Spriggans made their final appearance in D&D thus far in 4th edition's Monster Manual 2. Here, they changed slightly through a combination of a new base background and the assimilation of the Redcap archetype. World Axis spriggans are fallen gnomes, corrupted by prolonged slavery under the fomorians. This warped them into malicious, goblin-like creatures were green skins and a mismatched, moon-white, oversized eye, imbuing them with some of the fomorions' magic - and plenty of their madness and malice. Whilst many are still trapped in servitude, others have broken free to roam the wilderness as bandits and cut-throats. They love to soak their hats or clothes in the blood of their victims, and whether through psychological glee or some dark magic, they can gain a temporary surge of vitality by doing so. Only some spriggans, known as giantsouls, retain the classic ability to assume gargantuan stature; other spriggans simply rely on dark magic, cruelty, and bloody-minded enthusiasm - especially when it comes to using sickles or axes to cut a foe down to size so they can kick him to death with iron-shod boots. Staking out dank tunnels or old ruins as their lairs, they seek to bully and intimidate those around them into offering them tribute.

5th Edition[edit]

Spriggans have yet to enter 5th edition officially, but a 3rd party take on them can be found in Ulraunt's Guide to the Planes: Acheron. Here, they are presented as an attempt by the Netherese of the ancient Forgotten Realms to warp gnomes into a slave race, inspired by Urdlen, that basically succeeded. The now-malevolent and twisted gnome-kin can be found mostly on Acheron.

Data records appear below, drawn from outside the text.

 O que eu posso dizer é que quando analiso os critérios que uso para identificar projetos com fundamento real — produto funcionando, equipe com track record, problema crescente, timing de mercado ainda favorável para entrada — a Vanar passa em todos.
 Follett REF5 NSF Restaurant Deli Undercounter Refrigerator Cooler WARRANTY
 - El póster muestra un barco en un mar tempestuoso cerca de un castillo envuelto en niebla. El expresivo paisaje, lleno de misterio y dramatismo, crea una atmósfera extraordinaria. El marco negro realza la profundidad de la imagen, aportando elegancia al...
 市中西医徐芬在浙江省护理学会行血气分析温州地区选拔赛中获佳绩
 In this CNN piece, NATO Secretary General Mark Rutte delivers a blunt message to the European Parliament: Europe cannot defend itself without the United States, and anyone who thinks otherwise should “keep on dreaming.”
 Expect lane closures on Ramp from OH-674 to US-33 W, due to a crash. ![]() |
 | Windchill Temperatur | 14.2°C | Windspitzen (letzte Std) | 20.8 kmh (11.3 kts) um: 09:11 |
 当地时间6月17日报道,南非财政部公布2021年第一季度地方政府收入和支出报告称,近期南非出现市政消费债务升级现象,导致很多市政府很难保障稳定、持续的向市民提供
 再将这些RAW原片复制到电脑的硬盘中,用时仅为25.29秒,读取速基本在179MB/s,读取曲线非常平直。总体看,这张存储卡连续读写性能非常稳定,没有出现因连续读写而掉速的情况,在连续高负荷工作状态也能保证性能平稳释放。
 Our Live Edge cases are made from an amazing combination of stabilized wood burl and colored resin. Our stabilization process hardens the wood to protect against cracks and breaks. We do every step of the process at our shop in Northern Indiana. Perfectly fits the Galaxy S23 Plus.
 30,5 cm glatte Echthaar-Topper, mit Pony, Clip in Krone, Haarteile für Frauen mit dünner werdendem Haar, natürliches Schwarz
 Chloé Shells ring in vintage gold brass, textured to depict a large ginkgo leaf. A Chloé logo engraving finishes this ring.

Weirdly, they're presented as a playable race in this book as well, although the authors admit that spriggans, being evil, are not really suited for the role. Ulraunt's Spriggans use the Gnome core race (see that page), and the following subrace mechanics:

Ability Score Increase: +1 Constitution
Short-Lived: Spriggans only live to be up to 100-150 years old, and mature at the same rate as humans.
Giant Growth: Using an action, you can increase your size to Huge for up to 1 minute or revert back to your regular size. For the duration, your weight is multiplied by 32, you have advantage on Strength checks and Strength saving throws, and you can't be affected by other spells and abilities that change your size. If there isn't enough room for you when you grow in this manner, you revert to your normal size. When you revert to your normal size, you gain one level of exhaustion. Once you use this feature, you can't use it again until you finish a long rest.

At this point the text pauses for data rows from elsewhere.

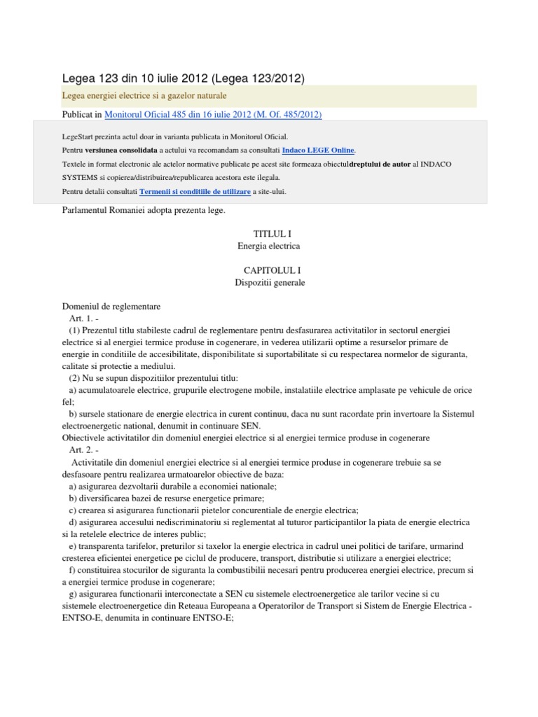 485 din 16 iulie 2012 parlamentul româniei adoptă prezenta lege. 485 din 16 iulie 2012. Puteti sa consultati o forma actualizata la data 20.10.2020, conform modificarilor activităţile din domeniul energiei electrice şi al energiei termice produse în cogenerare trebuie să se desfăşoare pentru.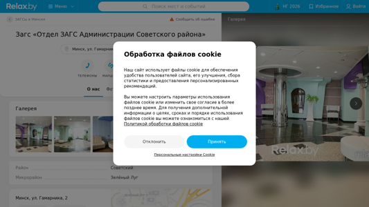 | SEO-описание | Загс Отдел ЗАГС Администрации Советского района в Минске – отзывы, телефоны, график работы и карта проезда на Relax.by |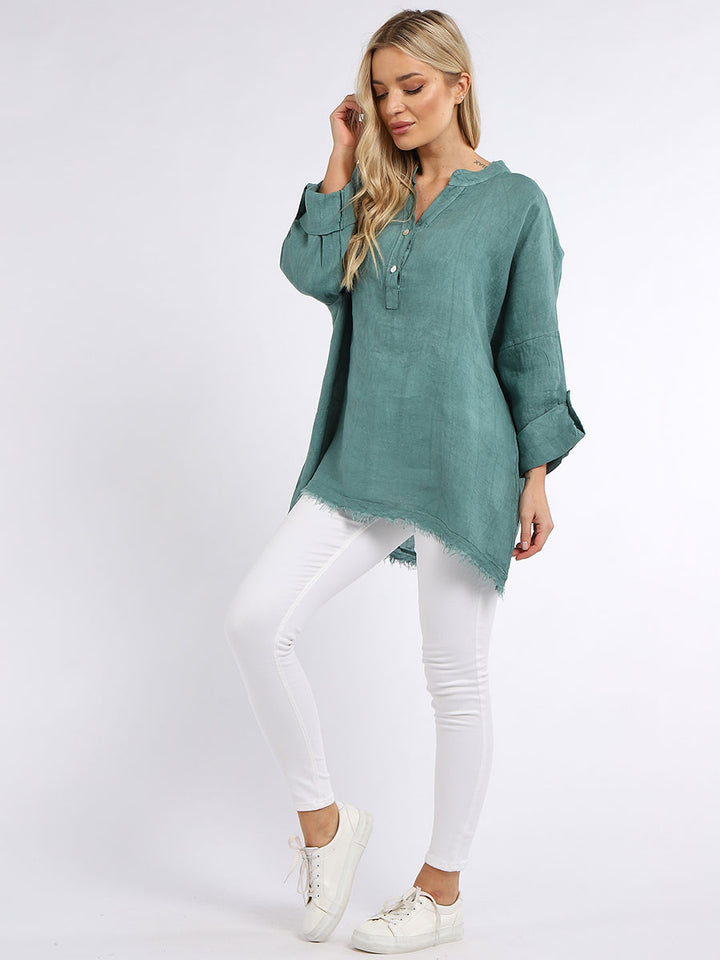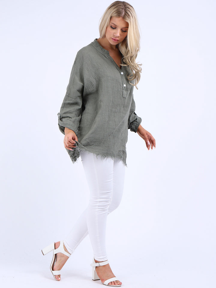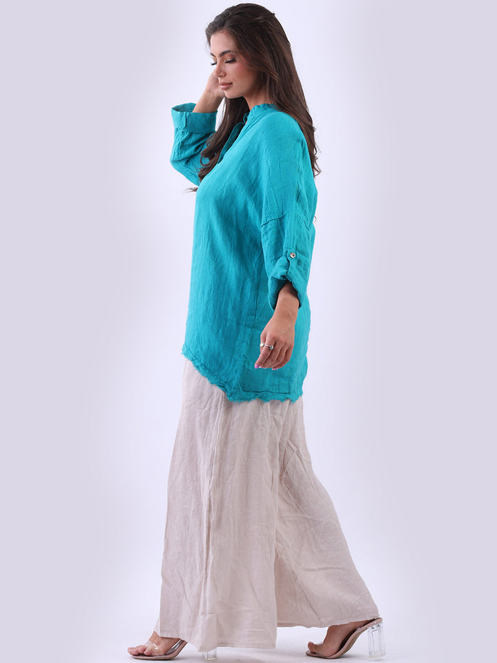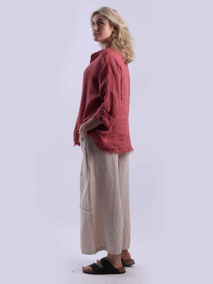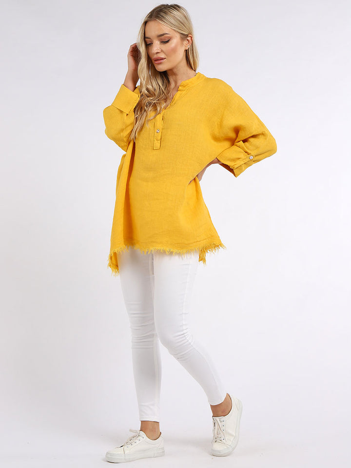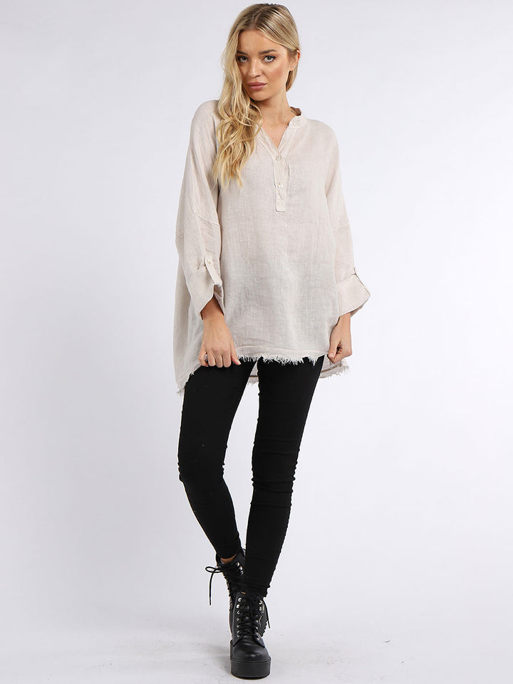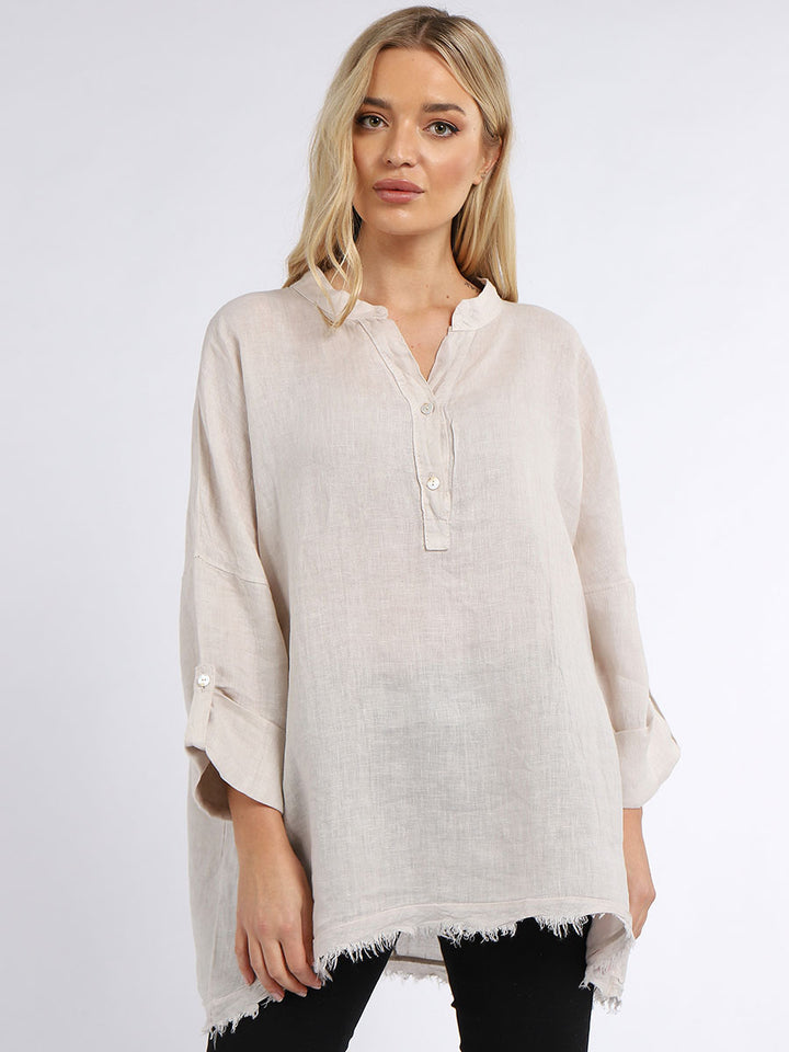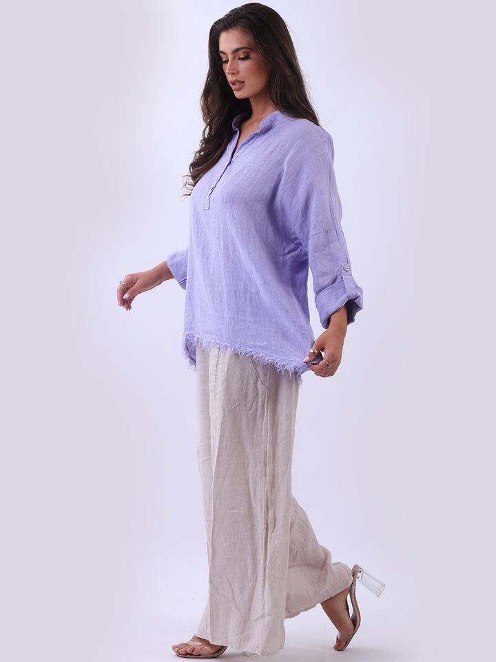Pure off the grid beauty top that is all in one a wardrobe staple and essential exclusively from Redwholesale. Made to perfection in Italy with features like raw edge hem on a baggy fitting, long button up sleeves, mandarin neck with buttons on the bottom this made in linen that is breathable and skin friendly. Dress it up with jacket and wide leg pants.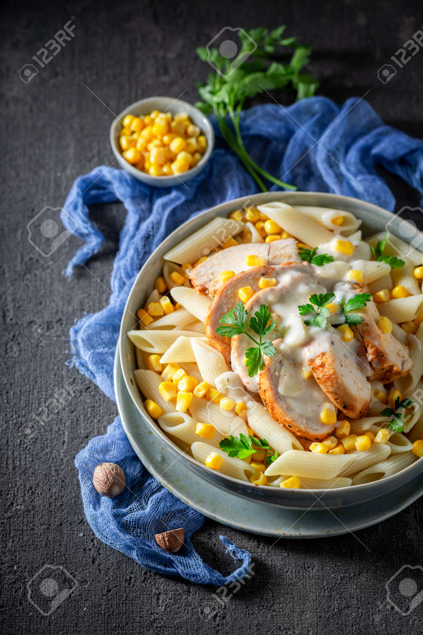 Tasty Penne With Bechamel Sauce Corn And Chicken

Naturally, Pathfinder readily stole Spriggans for its own use, featuring them in the PF Bestiary 2. Although their fluff - repeated below - is condensed and takes into account the Golarion Gnome originating from the First World, it's pretty much a repetition of the same fluff seen in the last three editions.

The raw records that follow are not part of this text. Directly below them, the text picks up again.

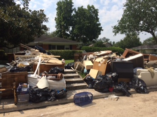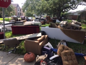 The cleanup process has begun, but not without being an overwhelming and emotional task.  This is my neighborhood, only two streets over closer to the bayou.  After the rain stopped and the water receded (at least in my area), it was time to get to work, no matter how traumatizing and difficult the situation.  My family helped where we could with friends and even strangers – from demolition of drenched sheetrock and wood floors to the removal of waterlogged books, pictures, clothes, valuables, etc.  I stood shoulder to shoulder with a friend of mine as she sorted through her “nerd notes” from medical school that somehow survived the water in her home during the flood, but yet family photos were destroyed.  Talk about some tough moments.  As you drive up and down the streets that were flooded, what you see is the entire contents of someone’s home in the front yard – RUINED.  These pictures speak a thousand words and are an indication of what so many are dealing with at the moment.  It is EVERY SINGLE HOUSE.  It is a very sad sight!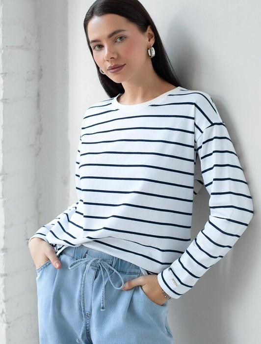 09.04 Vilatte Лонгслив с принтом из премиального хлопка с эластаном D49.148 бел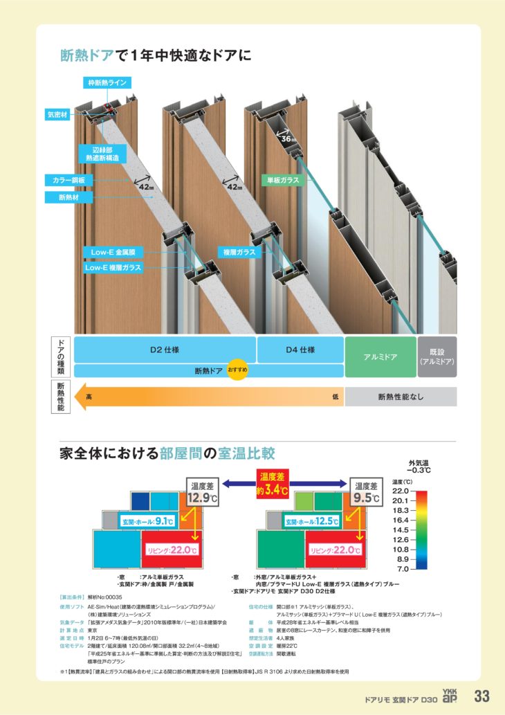 D2とK2は、ドア本体からだけではなく、枠にも断熱材が使われているので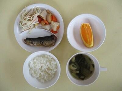 ・ごはん ・いわしの生姜煮 ・スパゲティサラダ ・里芋とさつま揚げの煮物 ・オレンジ ・みそ汁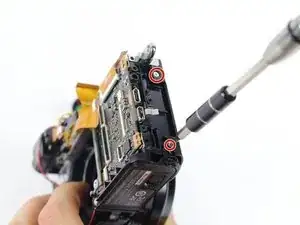 Чтобы добраться внутрь камеры, сначала необходимо снять правую сборку крышки портов. После её снятия у вас появится доступ к винтам, фиксирующим другие компоненты.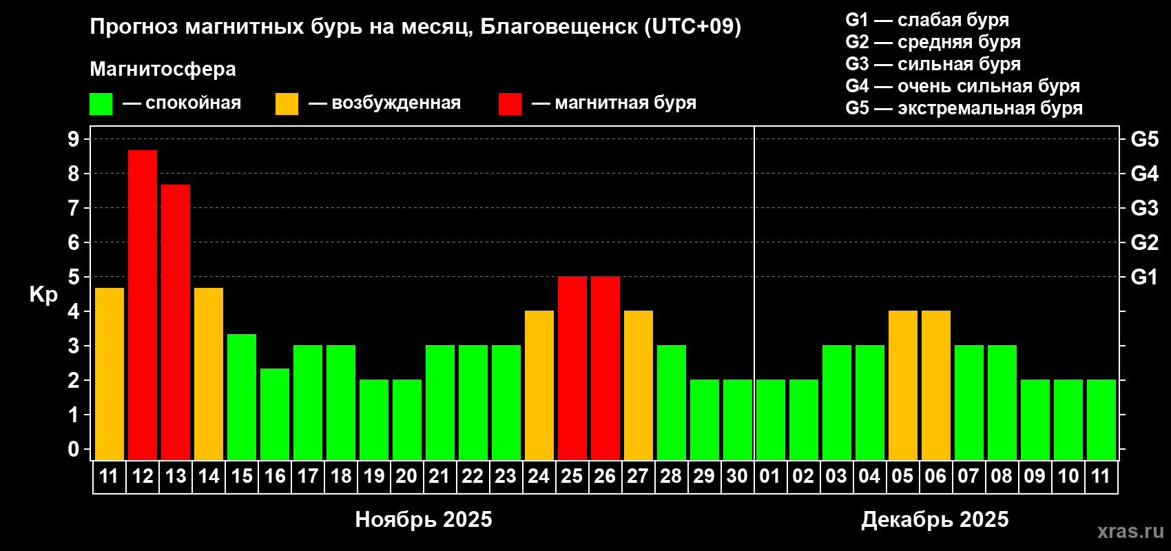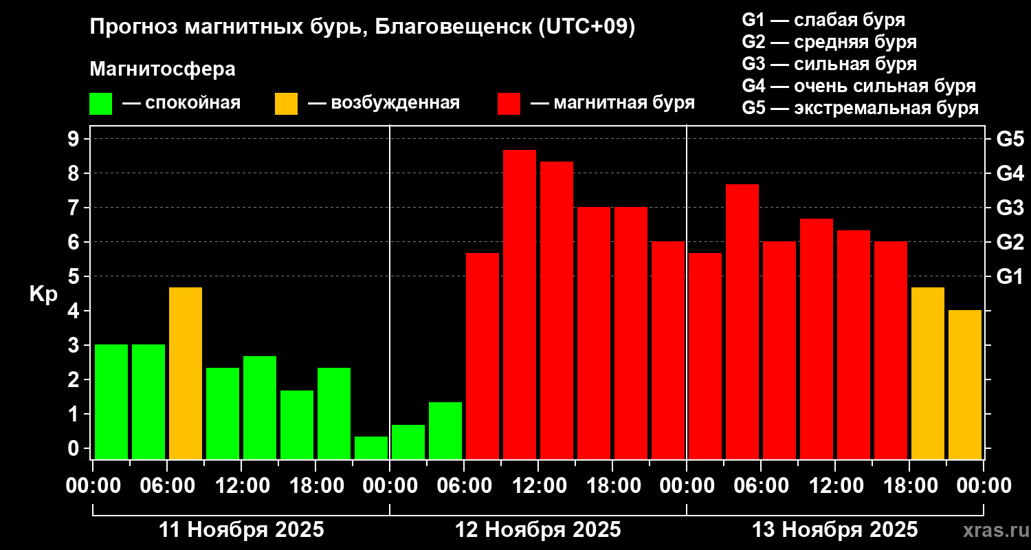Прогноз магнитных бурь в Благовещенске — 11 ноября 2025 года

Cegorach TTS.png This article is boring and stinks of being copypasted from a gamebook or another wiki. You can make it better by making it less unfunny.

When the gnomes first traveled to the mortal realm from the distant land of the fey, some found the Material Plane so strange and terrifying that they lost their sense of joy. Seeing only the threats of the new world but none of its wonders, they grimly resolved to survive no matter the cost. Their innate magic responded to this twisted goal by reshaping them in mind and body over the course of many generations, transforming them into the creatures known as spriggans. Love, happiness, and beauty have no meaning for these poor souls, so they lead lives of violence and malice. The best they can manage in place of positive emotions is a muted satisfaction when they make another suffer.

Spriggans resemble ugly gnomes with an alien, feral appearance. Many are gaunt and haggard. When magically enlarged, they look the same except much more hale and muscular.